Do deepfakes signal an information apocalypse? Are they the end of evidence as we know it? The answers to these questions require us to understand what is truly new about contemporary AV manipulation and what is simply an old struggle for power in a new guise.

The first widely-known examples of amateur, AI-manipulated, face swap videos appeared in November 2017. Since then, the news media, and therefore the general public, have begun to use the term “deepfakes” to refer to this larger genre of videos—videos that use some form of deep or machine learning to hybridize or generate human bodies and faces. News coverage claims that deepfakes are poised to assault commonly-held standards of evidence, that they are the harbingers of a coming “information apocalypse.” But what coverage of this deepfake phenomenon often misses is that the “truth” of audiovisual content has never been stable—truth is socially, politically, and culturally determined.

Deepfakes which rely on experimental machine learning represent one end of a spectrum of audiovisual AV manipulation. The deepfake process is both the most computationally-reliant and also the least publicly accessible means of creating deceptive media. Other forms of AV manipulation – “cheap fakes” – rely on cheap, accessible software, or no software at all. Both deepfakes and cheap fakes are capable of blurring the line between expression and evidence. Both can be used to influence the politics of evidence: how evidence changes and is changed by its existence in cultural, social, and political structures.

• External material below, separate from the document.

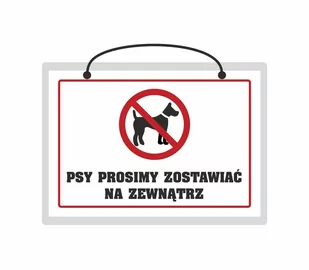 Tabliczka informacyjna z nadrukiem "PSY PROSIMY ZOSTAWIĆ NA ZEWNĄTRZ" wykonana jest z kartonu dwustronnie pokrytego laminatem "z marginesami" - dzięki temu produkt jest odporny na wilgoć i zabrudzenia. Wszystkie oferowane przez nas tabliczki są od razu gotowe do użytku - każda ma sznurek do powieszenia, a otwory dodatkowo posiadają nity, które zabezpieczają tabliczkę przed zerwaniem. Prezentowane wzory mogą nieznacznie odbiegać od gotowych produktów.

Locating deepfakes and cheap fakes in the longer history of the politics of evidence allows us to see:

  • decisions over what counts as “evidence” have historically been a crucial tool in defending the privilege of the already powerful;
  • the violence of AV manipulation can only be addressed by a combination of technical and social solutions;
  • public agency over these technologies cannot be realized without addressing structural inequality; and
  • the violence of AV manipulation will not be curtailed unless those groups most vulnerable to that violence are able to influence public media systems.